Go to ICLR 2026 Conference homepageMetaFlow: A Meta Approach of Training LLMs into Generalizable Workflow Generators
Keywords: LLM Agent; Workflow Generation; Reinforcement learning; Meta Learning
TL;DR: We trains LLMs to generate reusable workflows for entire task classes, demonstrating strong generalization to unseen tasks and novel operators through meta-learning with verifiable execution feedback.

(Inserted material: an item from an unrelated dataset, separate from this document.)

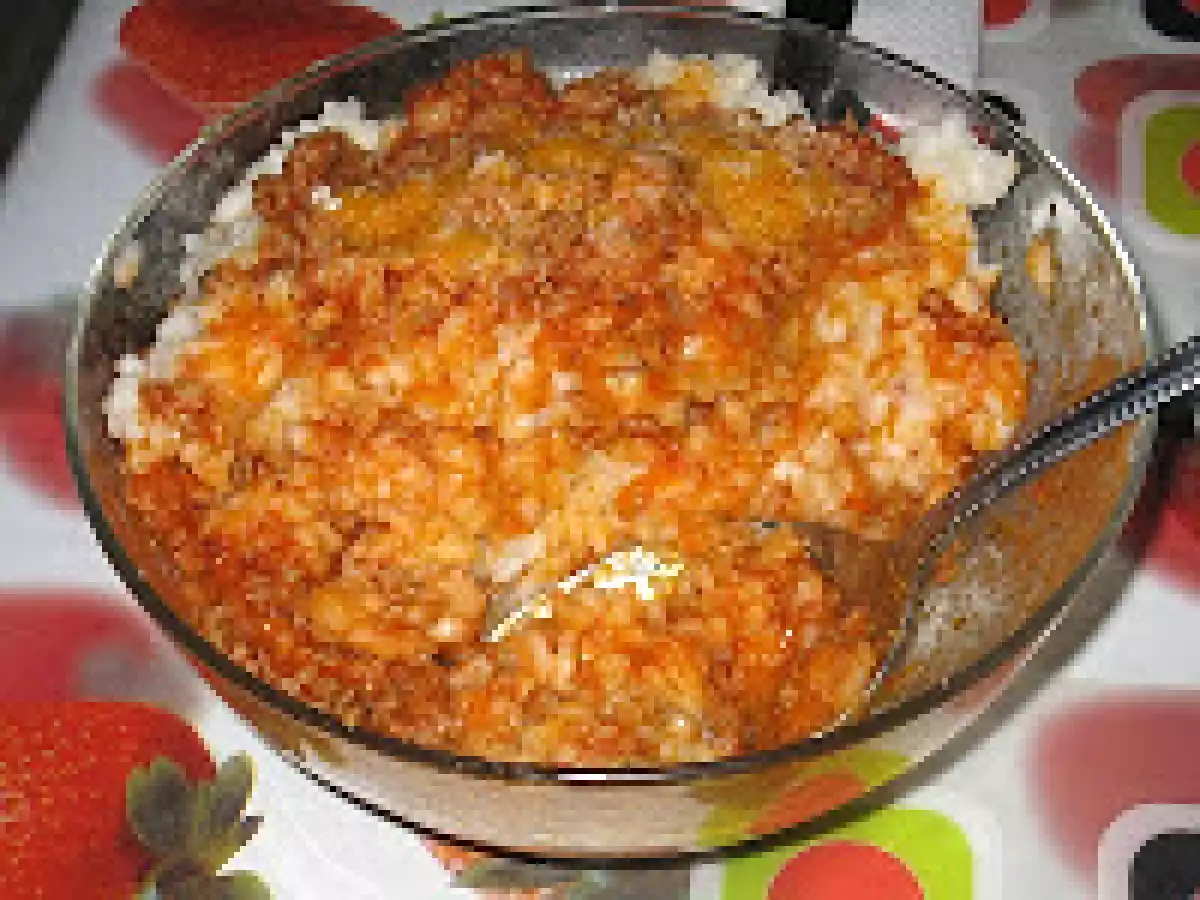 - In una pirofila a questo punto disporre uno strato di formaggio, uno di riso e uno di carne.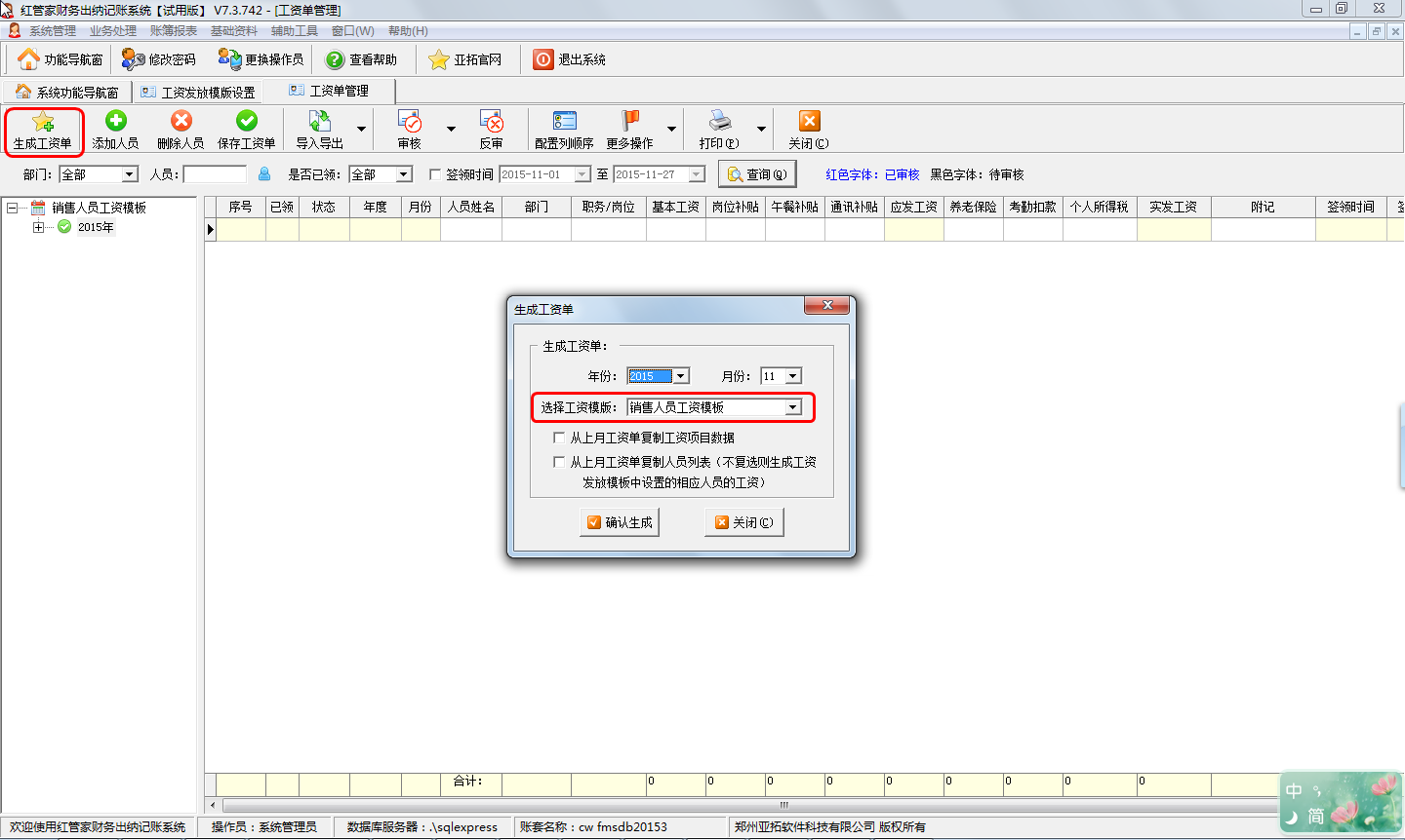 亞拓軟件開發的紅管家財務出納記賬軟件含有工資管理的功能(工資管理軟件),可以對公司內部員工的工資進行管理,可是多數用戶都不清楚如何在出納記賬軟件內對員工工資進行管理,下面我們就詳細介紹下紅管家財務出納記賬軟件中如何實現對公司內部員工工資進行管理。

Abstract: Large language models (LLMs) excel across a wide range of tasks, yet their instance-specific solutions often lack the structural consistency needed for reliable deployment. Workflows that encode recurring algorithmic patterns at the task level provide a principled framework, offering robustness across instance variations, interpretable traces for debugging, and reusability across problem instances. However, manually designing such workflows requires significant expertise and effort, limiting their broader application. While automatic workflow generation could address this bottleneck, existing methods either produce instance-specific solutions without learning task-level patterns, or cannot generalize beyond their training configurations. We present MetaFlow, which casts workflow generation as a meta-learning problem: given a task and an operator set, the model learns to compose solution strategies. MetaFlow trains in two stages—supervised fine-tuning on synthetic workflow data, followed by reinforcement learning with verifiable rewards (RLVR) that uses execution feedback across problem instances in the task to improve end-to-end success. The resulting model produces effective workflows for trained tasks and exhibits strong generalization to untrained tasks and novel operator sets. Across benchmarks in question answering, code generation, and mathematical reasoning, MetaFlow achieves performance comparable to state-of-the-art baselines on in-domain tasks with single inference, while demonstrating remarkable zero-shot generalization capabilities on out-of-domain tasks and operator sets.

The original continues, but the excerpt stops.